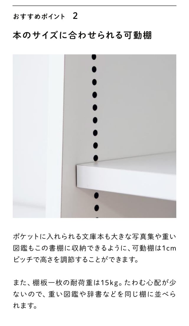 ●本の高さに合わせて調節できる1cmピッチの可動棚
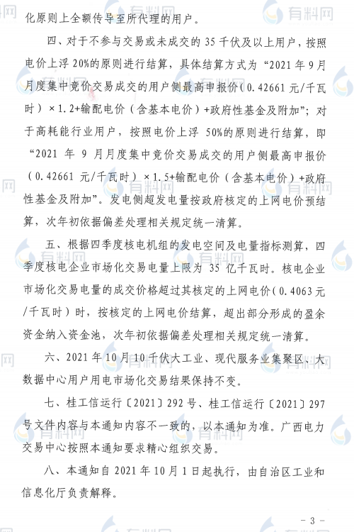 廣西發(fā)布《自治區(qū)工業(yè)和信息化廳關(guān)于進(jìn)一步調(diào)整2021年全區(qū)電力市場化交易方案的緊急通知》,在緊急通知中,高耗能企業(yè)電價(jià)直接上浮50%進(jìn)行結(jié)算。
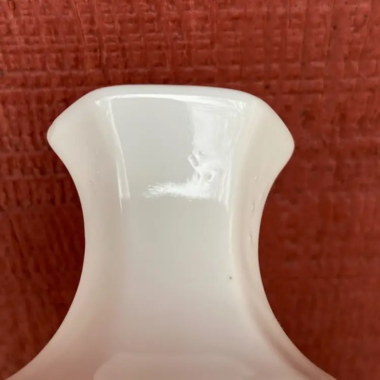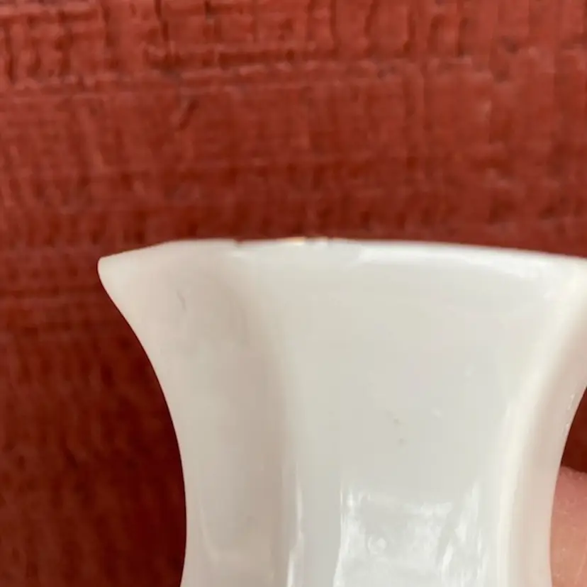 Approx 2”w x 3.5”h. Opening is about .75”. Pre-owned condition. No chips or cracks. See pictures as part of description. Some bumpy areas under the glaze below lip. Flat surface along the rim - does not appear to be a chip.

***

● **Description of the task**:
Word for word, write out the whole listing, keeping none of the pictures.

● **Solution**:
 ●本の高さに合わせて調節できる1cmピッチの可動棚
 廣西發(fā)布《自治區(qū)工業(yè)和信息化廳關(guān)于進(jìn)一步調(diào)整2021年全區(qū)電力市場化交易方案的緊急通知》,在緊急通知中,高耗能企業(yè)電價(jià)直接上浮50%進(jìn)行結(jié)算。
 Approx 2”w x 3.5”h. Opening is about .75”. Pre-owned condition. No chips or cracks. See pictures as part of description. Some bumpy areas under the glaze below lip. Flat surface along the rim - does not appear to be a chip.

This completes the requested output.